The crisis in A & Es is deepening while The Government fails to address these issues and pushes on with closures and downgrades regardless of their potentially devastating impact on local patients.

The crisis in A & E, with the number waiting over 4 hours at its highest for a decade, has been exacerbated by the current problems with access to GPs. The lack of GP access was even highlighted as a key reason for the pressures on A & Es by the Government’s own review of emergency care. Yet, the Government continues to put pressure on GPs and fails to address any of these issues in the Queen’s Speech.

In a recent survey by the Patients Association, 60% of people said they waited longer than 48 hours to see a GP. Over a quarter of the public say that last time they tried to book a GP appointment, they couldn’t get one in the same week and nearly three quarters of GPs say waiting times for appointments are only going to get worse.

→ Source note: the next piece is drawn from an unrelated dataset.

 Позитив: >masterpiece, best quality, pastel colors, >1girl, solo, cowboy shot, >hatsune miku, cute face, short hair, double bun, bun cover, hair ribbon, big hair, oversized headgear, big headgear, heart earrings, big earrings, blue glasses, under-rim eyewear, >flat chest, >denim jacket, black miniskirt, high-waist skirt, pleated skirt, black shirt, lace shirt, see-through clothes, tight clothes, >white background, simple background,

The previous Labour Government had transformed GP access through a combination of investment and reform. By 2010, the vast majority of patients could get a GP appointment within 48 hours.

However, the Prime Minister has made it harder to see your GP: he scrapped Labour’s guarantee of a GP appointment in 48 hours as the Tory-led Government deemed this “no longer a priority” and cut funding for Labour’s GP extended opening hours scheme.

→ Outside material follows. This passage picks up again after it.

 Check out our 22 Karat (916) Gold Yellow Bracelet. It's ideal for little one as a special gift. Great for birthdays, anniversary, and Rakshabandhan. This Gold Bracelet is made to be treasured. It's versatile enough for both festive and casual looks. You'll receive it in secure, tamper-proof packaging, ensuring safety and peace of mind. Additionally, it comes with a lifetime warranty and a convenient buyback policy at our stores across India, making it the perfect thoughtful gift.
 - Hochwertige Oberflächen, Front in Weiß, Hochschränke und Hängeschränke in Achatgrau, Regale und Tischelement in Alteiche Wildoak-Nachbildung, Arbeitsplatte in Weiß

While the Government allow the current untenable situation to worsen, Labour have made commitments to guarantee access to GPs within 48 hours.

It is also clear that the Government has made short-term, politically motivated decisions concerning the NHS’ future. My constituency, Ealing Southall, has the second highest rate of TB in the country. To beat the disease we need two things: high quality services which I’m proud to say we have, and to go into the community and actively seek people who are ill. This doesn’t cost a lot, and if we invest in the short-term we will save significant sums of money through reduced cases in the long-term.

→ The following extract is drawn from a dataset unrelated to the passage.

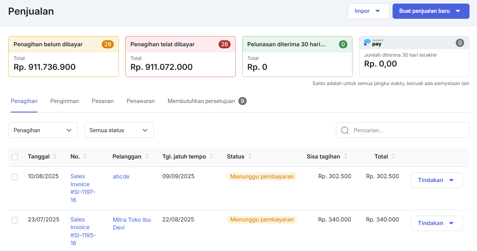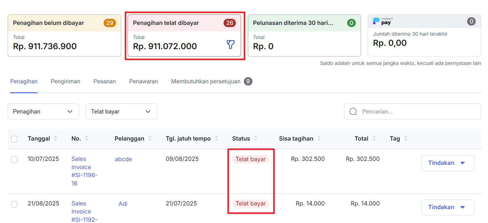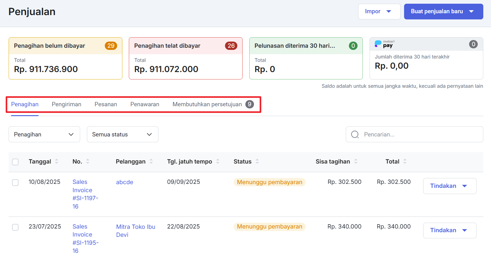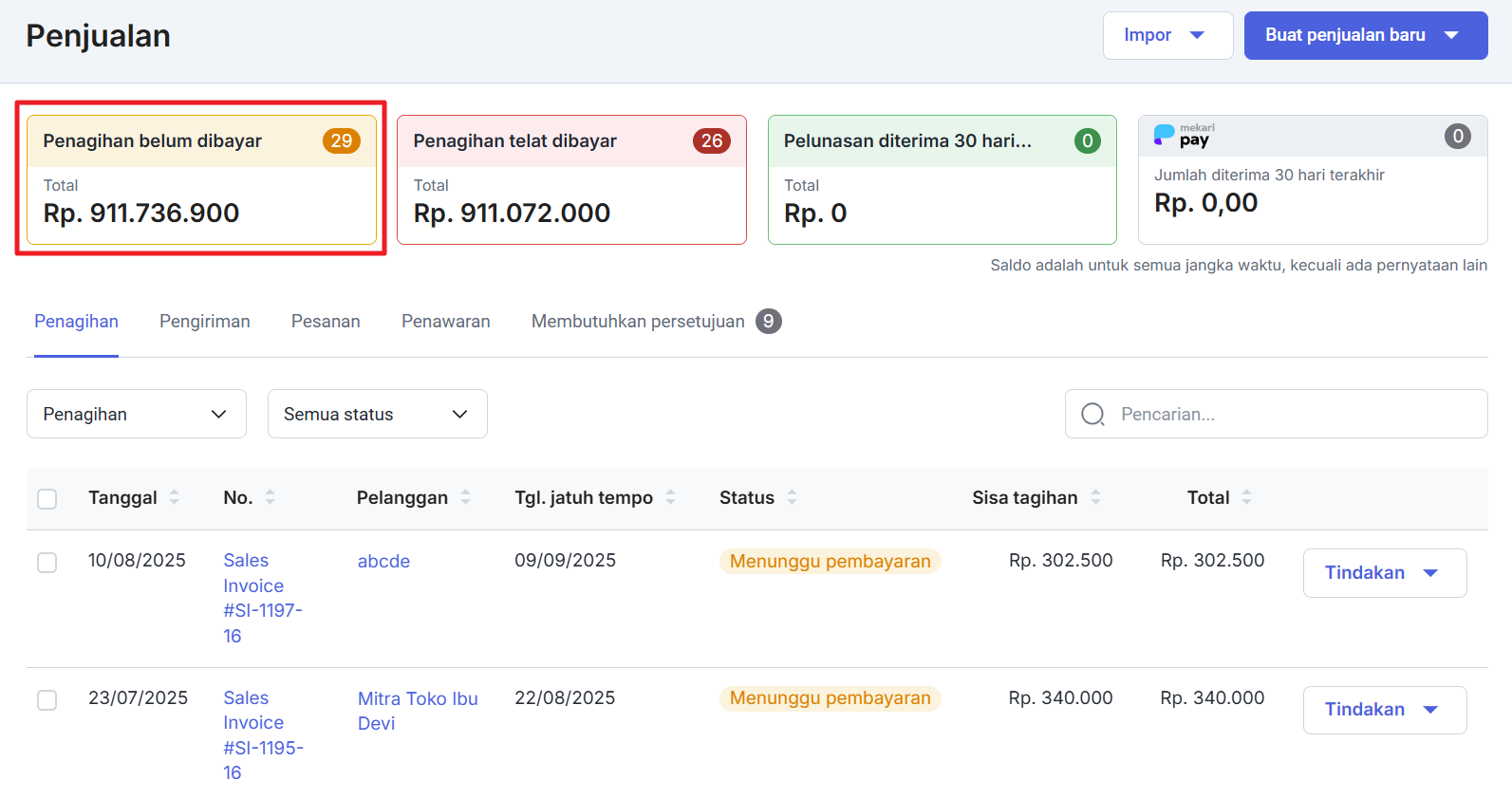 Penjualan Jatuh Tempo (dalam IDR): Penjualan yang sudah jatuh tempo baik sudah terbayar sebagian atau belum terbayar untuk semua jangka waktu. Klik pada angka penjualan di bawah status ini dan Anda akan melihat daftar penjualan yang sudah jatuh tempo.

So, whilst I welcome Public Health England’s efforts to develop their Collaborative TB Strategy for England, it is critical that it comes with additional investment to make sure that we reduce rates of TB as quickly as possible, thus saving money, not to mention lives and human suffering. We need a long-term view to funding health in this country.

The Government’s silence in the Queen’s Speech and on the issue generally prove that they cannot be trusted with the NHS. Their disastrous reorganisation and poorly thought through legislation such as Clause 119, which will enable the Secretary of State to close more A&Es and hospitals in areas where they are necessary to the health of local patients, are clearly damaging the quality of the service of patients across the country. This Tory-led Government clearly cannot be trusted with the NHS.